In this Zoroastrian reinterpretation, the celestial realm forms part of the cosmic struggle between good and evil. The Sun, Moon, stars, and zodiacal constellations are classified as beneficial entities, whereas the five planets and the lunar nodes belong to the evil astral forces; the irregular motion of the planets is among the features associated with their negative character. The richest account of these doctrines occurs in the Bundahishn, particularly in its fifth section. The text describes a “horoscope of the world” for the beginning of the period of cosmic mixture, in which several malefic astral bodies occupy positions of exceptional power. The configuration thus represents the initial predominance of evil and helps explain the imperfect and polluted condition of the present world. Although ultimately derived from classical astrology, this world horoscope was substantially reworked in the Zoroastrian tradition, with Raffaelli identifying elements derived from Indian astrological models.

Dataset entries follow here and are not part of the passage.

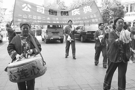 昨天上午,鄭州市二七廣場附近,一家公司扯出條幅稱進(jìn)行“倒閉”慶典,數(shù)十人擂著腰鼓。“聽說過搞‘開業(yè)’、‘結(jié)婚’慶典什么的,還沒有聽說過開業(yè)搞‘倒閉’慶典的!眹^市民李先生不解地說。
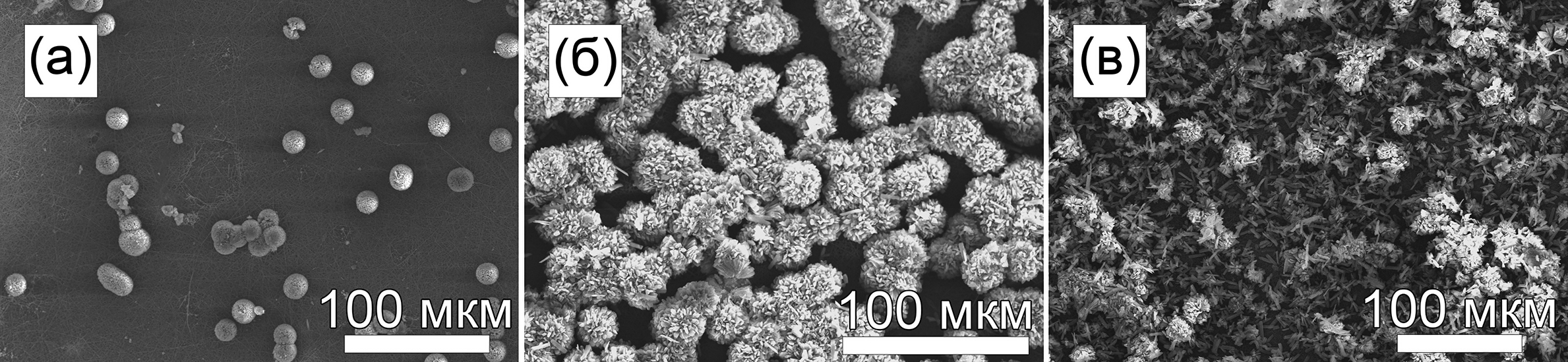 Частицы Ni-МОКС оказываются зафиксированными между нановолокнами (рис. 4б) и не перекрывают поры мембраны. На поверхности носителя ТМ + Хитозан сферические конгломераты Ni-МОКС отчетливо проявляются после 2 ч синтеза (рис. 5а). С увеличением времени синтеза увеличивается средний диаметр конгломератов (⁓15 мкм для 2 ч и ⁓25 мкм для 24 ч), которые в дальнейшем объединяются между собой (рис. 5б). Синтез в течение 48 ч приводит к отслаиванию Ni-МОКС от носителя (рис. 5в). При меньшем времени синтеза данный эффект не наблюдается.
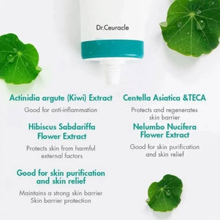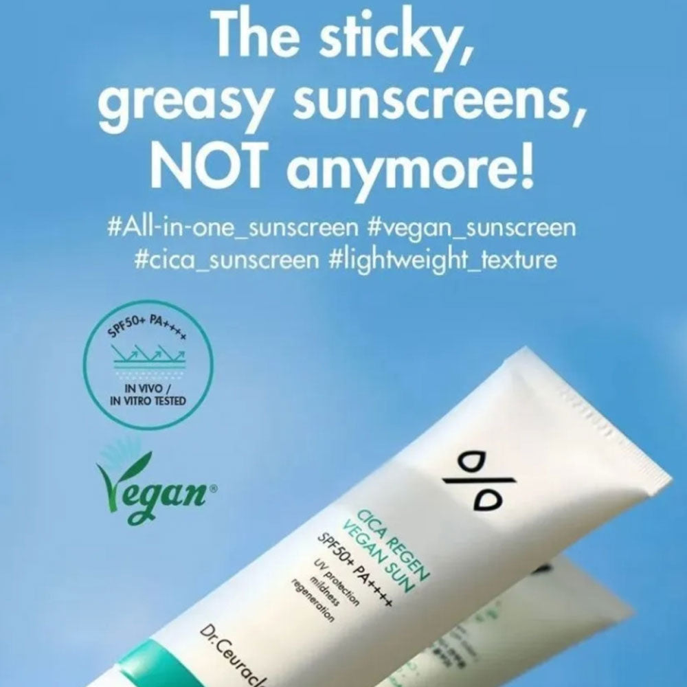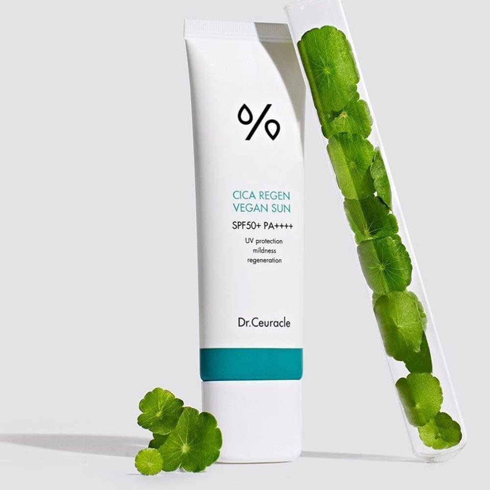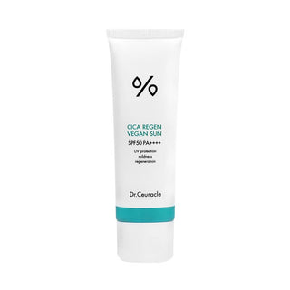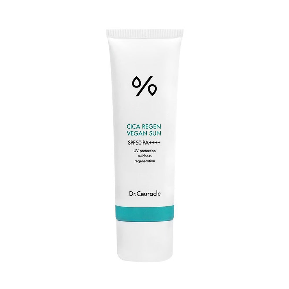 Dr. Ceuracle Cica Regen Vegan Sun SPF50+ PA++++ is a dermatologist-tested, vegan-certified chemical sunscreen designed to offer broad-spectrum UV protection while soothing, hydrating, and strengthening the skin. Ideal for sensitive, oily, combination, or acne-prone skin, this lightweight sunscreen delivers a matte, non-sticky finish perfect for daily wear.

Astrological concepts were also applied to human life and cosmic history. The horoscope of Gayomart, the primordial man, is the only individual birth chart known from Pahlavi literature, and his death at the age of thirty is explained astrologically through the changing positions and strengths of Saturn and Jupiter. The doctrine thereby makes death, regarded in Zoroastrian theology as one of the principal consequences of the assault of evil, part of an astrological scheme. Pahlavi texts also preserve doctrines of millennial chronocratoria, in which zodiacal constellations and especially Saturn exercise rulership over periods of cosmic history, anticipating themes associated with Sasanian historical astrology. In addition, the Anthologies of Zadspram contain a form of astrological melothesia connecting layers and parts of the human body—including marrow, bones, flesh, nerves, veins, skin, and hair—with celestial entities. Raffaelli interprets such doctrines as examples of the creative adaptation of astrological ideas of diverse origins to Zoroastrian cosmology and theology.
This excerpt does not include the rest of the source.